Jamie will provision two RHEL 10 virtual machines installed with Canadian locale
selections during OS installation:

- **VM 1:** English (Canada) → `LANG=en_CA.UTF-8`
- **VM 2:** Français (Canada) → `LANG=fr_CA.UTF-8`

These VMs are the acceptance environment for l10n validation. All UMRS tools
must be deployed and tested on both VMs before any release that includes
French localization. The full team participates:

- **Rusty:** verify tools build, run, and produce correct output on both VMs
- **Henri:** validate that security labels, TB terminology, and policy-critical
  strings render correctly on the `fr_CA` VM
- **Simone:** verify typography (guillemets, non-breaking spaces, accents),
  plural forms, and string expansion on the `fr_CA` VM
- **Knox:** verify that locale switching does not degrade security posture
  (no label fallback to English on the French VM, no silent `POSIX` fallback)

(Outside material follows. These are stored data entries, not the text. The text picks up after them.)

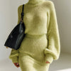 ElevenOra Chic Elegant Turtle Neck Long Lantern Sleeve Sweater Bodycon Mini Skirt Mohair Knit Two-Piece Set
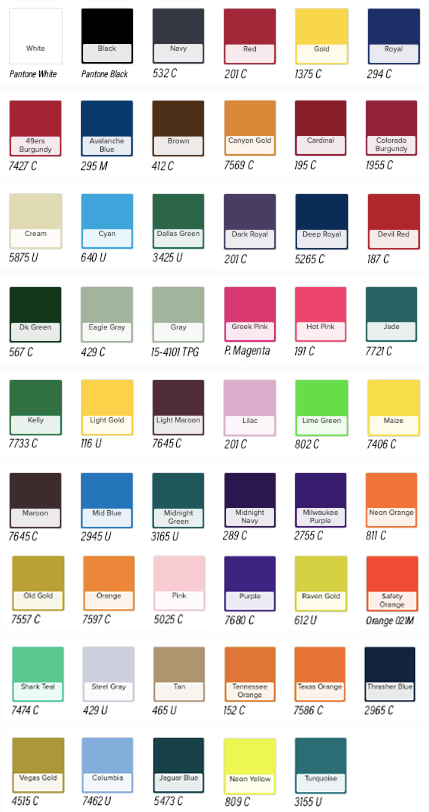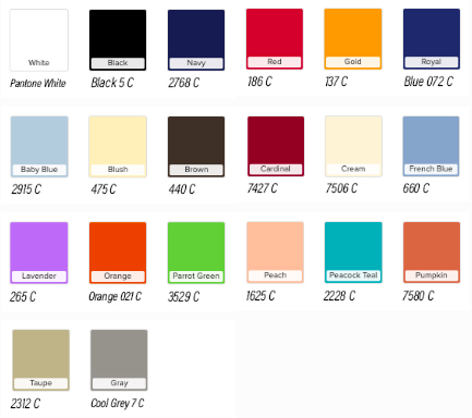NOTE: Some Pantone shades are not available (e.g. metallic shades) - contact us to confirm availability of the Pantone you need.
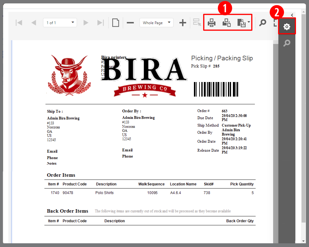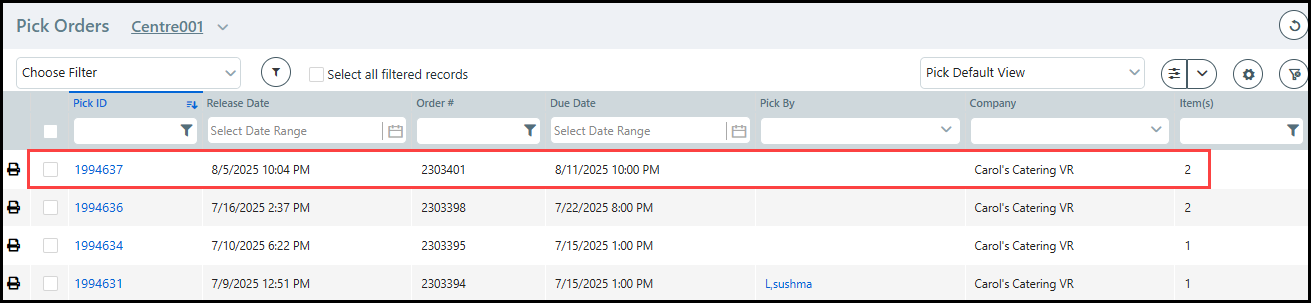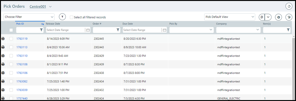 If you do not select a Pick Slip for the company, then the default PickSlip report will be generated.
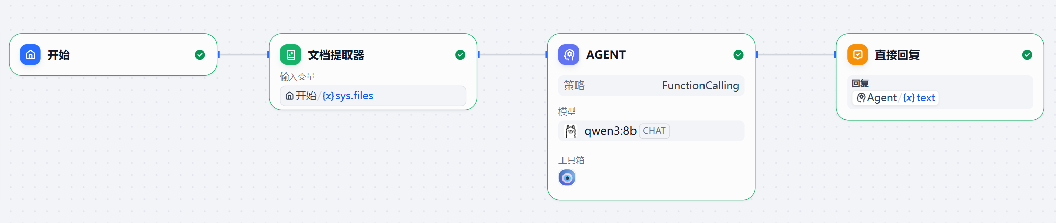 现在可以创建Dify智能体了,在新建一个Chatflow工作流,并按如下方式编排节点。
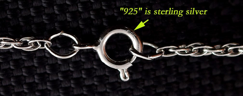 The clasp of the chain is marked "925" for sterling silver.
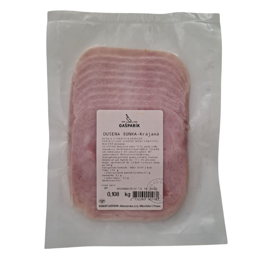 Gašparík Dusená šunka vákuovo balená. Hmotnosť/Objem: 100g.
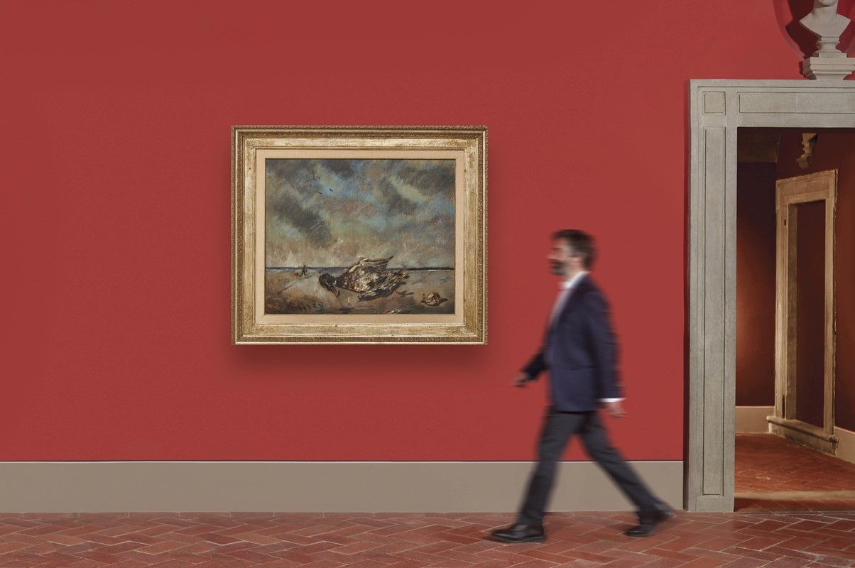 Ma la vera chiave di lettura di questa opera è la figura umana sullo sfondo. De Pisis inserisce questa figura in modo sottile, quasi eterea, come se fosse una presenza appena percettibile. La figura umana potrebbe rappresentare il nostro sguardo, lo spettatore che contempla la scena con stupore e ammirazione. Oppure potrebbe essere un elemento simbolico, un richiamo alla fragilità umana di fronte alla grandezza della natura. La tavolozza di De Pisis è ricca di tonalità calde e avvolgenti, che conferiscono all'opera un'atmosfera suggestiva. I dettagli minuziosi dell'anatra e la resa accurata dell'ambiente marino testimoniano la maestria tecnica dell'artista.
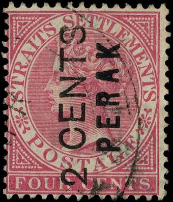 1883 (July) 2c on Straits 4c rose, wmk CA, type 9 vertical "PERAK" opt with type 13 surcharge, lightly cancelled by part cds, with fresh colour.
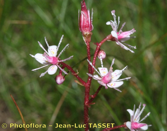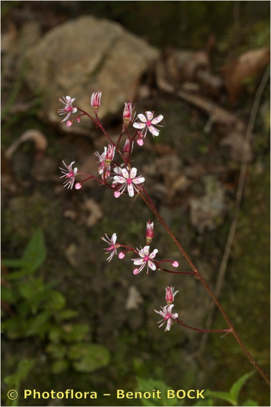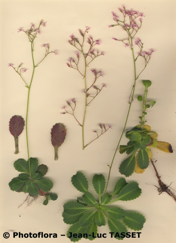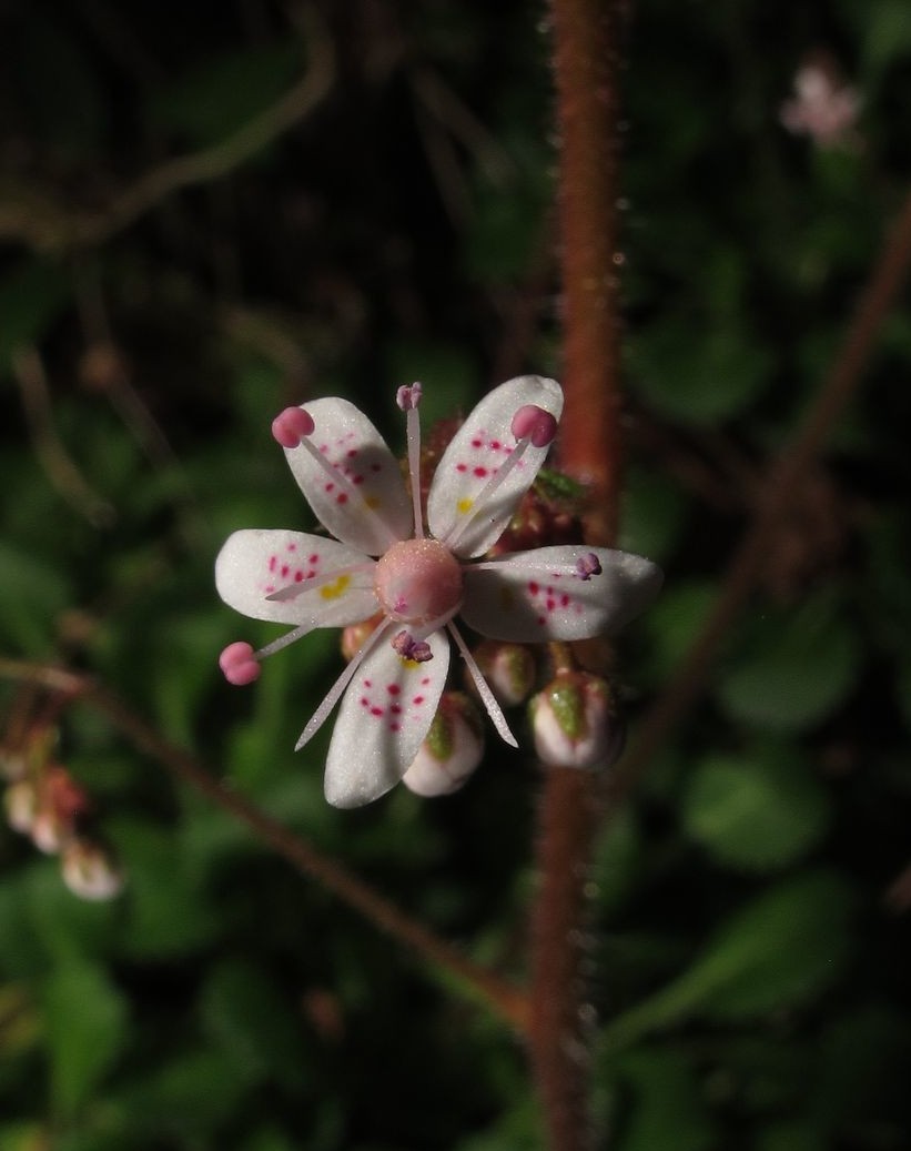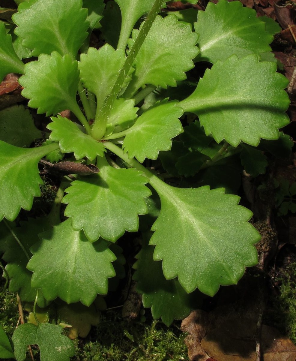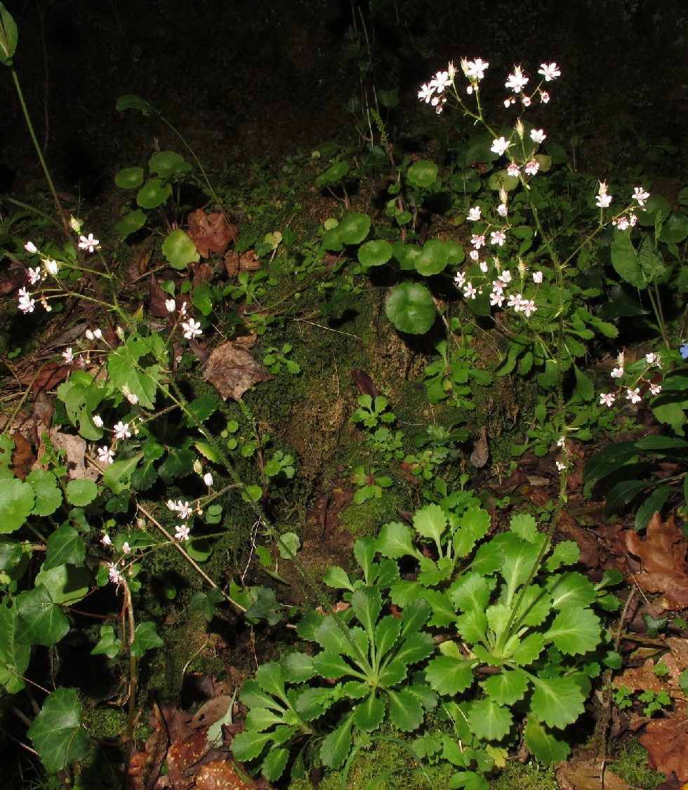 Steinbrech - Blüten weiß, mit Punkten, Blätter weich, am Grund keilig, nicht kalkausscheidend, deutlich gekerbt
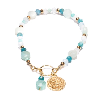Bransoletka klasyczne zapięcie z amazonitu, apatytu i perły naturalnej - zloto
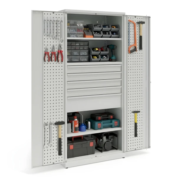 Tool cabinet with 2 adjustable shelves, one drawer 200 mm high, 4 drawers 100 mm high, and perforated panels on the doors

This is not a substitute for automated l10n tests — it is the final
acceptance gate that proves UMRS works as a real Canadian system, not
just an American system with `LANG` overridden.

### Testing Requirements

[RULE] l10n correctness requires its own validation, separate from unit and integration tests:

- **Pseudolocalization** — replace all strings with accented equivalents to catch
  hardcoded assumptions and layout breaks before translation begins.
- **Coverage validation** — every `msgid` in the `.pot` file must have a corresponding
  `msgstr` in the `fr_CA` `.po` file. Missing translations are build warnings.
  In a policy-sensitive context, missing translations may be build errors.
- **Policy spot-check** — Henri reviews all security classification labels against
  current Treasury Board policy before any tagged release. This is not optional
  and cannot be automated.

---

### File Structure

[RULE] Locale files follow the standard gettext directory structure:

```
locale/
  umrs.pot                        # Master template (generated from source)
  fr_CA/
    LC_MESSAGES/
      umrs.po                     # French Canadian translations (Simone + Henri)
      umrs.mo                     # Compiled binary (generated, not committed)
  en_CA/
    LC_MESSAGES/
      umrs.po                     # English Canadian baseline
      umrs.mo                     # Compiled binary (generated, not committed)
```

[RULE] `.mo` files are generated artifacts. They are not committed to the repository.

---

### Five Eyes Considerations

[ASSUMPTION] When UMRS operates in a Five Eyes information-sharing context,
locale-specific security labels must be rendered in the locale of the receiving
nation's system, not the originating nation. A Canadian system displaying US CUI
labels must still use Treasury Board terminology for the Canadian-equivalent tier,
with the US designation shown as a cross-reference — not as the primary label.

[RULE] When Canadian and US information handling label terminology diverges in
translated output, flag the divergence explicitly with both positions stated.
Route to Jamie for decision. Do not resolve unilaterally.